As voltas da vida!

22:37


Há precisamente um ano estava a fazer as malas e o que me esperava era tudo menos uma semana de férias. Se até àquele dia nunca tinha sentido medo ali foi diferente. As complicações em cirurgias de Endometriose são muito raras [desde que os médicos saibam o que estão a fazer!] e felizmente não conheço nenhum caso que tenha terminado no bloco operatório. Mas quando se tem uma filha nos braços, com menos de dois anos, é inevitável não ter medo. É inevitável não pensar "e se alguma coisa corre mal e eu não volto a acordar?". Como será a vida dela?

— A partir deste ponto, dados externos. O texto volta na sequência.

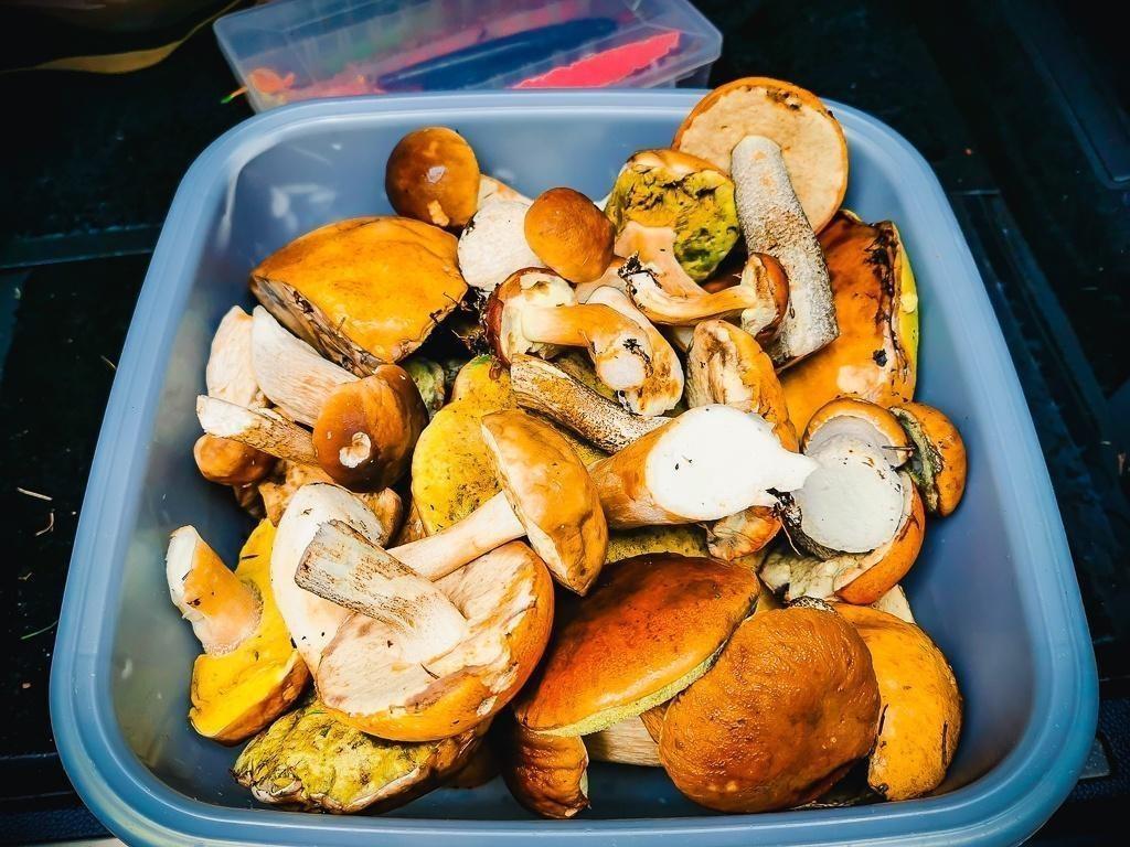 Schüssel mit verschiedenen gesammelten Pilzen in unterschiedlichen Farben und Formen

Estará ela preparada para viver sem mim? 

Sei que não seria a primeira nem seria a única, tenho plena confiança que o pai daria conta do recado, com mais fatos de treino e menos laços, mas sempre com muito amor, e sei que a rede que nos suporta não lhe fecharia os braços. Mas o meu coração de mãe foi pequeno. Por ela. Por mim. Por nós.

Quando a decisão de fazer esta cirurgia foi tomada em conjunto com o meu médico, sabia e tinha a consciência de que era o melhor para mim, para a situação grave em que se encontrava a minha Endometriose e para evitar complicações maiores no futuro. Mas foi também das decisões mais difíceis que tomei até hoje. A verdade é que mesmo sabendo que foi a decisão acertada, há dias em que ainda me custa a acreditar que há um vazio dentro de mim e que não poderei mais gerar vida dentro do meu corpo. E o que custa mais ainda a aceitar é que mesmo depois de uma cirurgia complicada, de vários dias de internamento, de mais de um mês de recuperação e de fisioterapia, ainda não estou a 100%. Será que algum dia ficarei?!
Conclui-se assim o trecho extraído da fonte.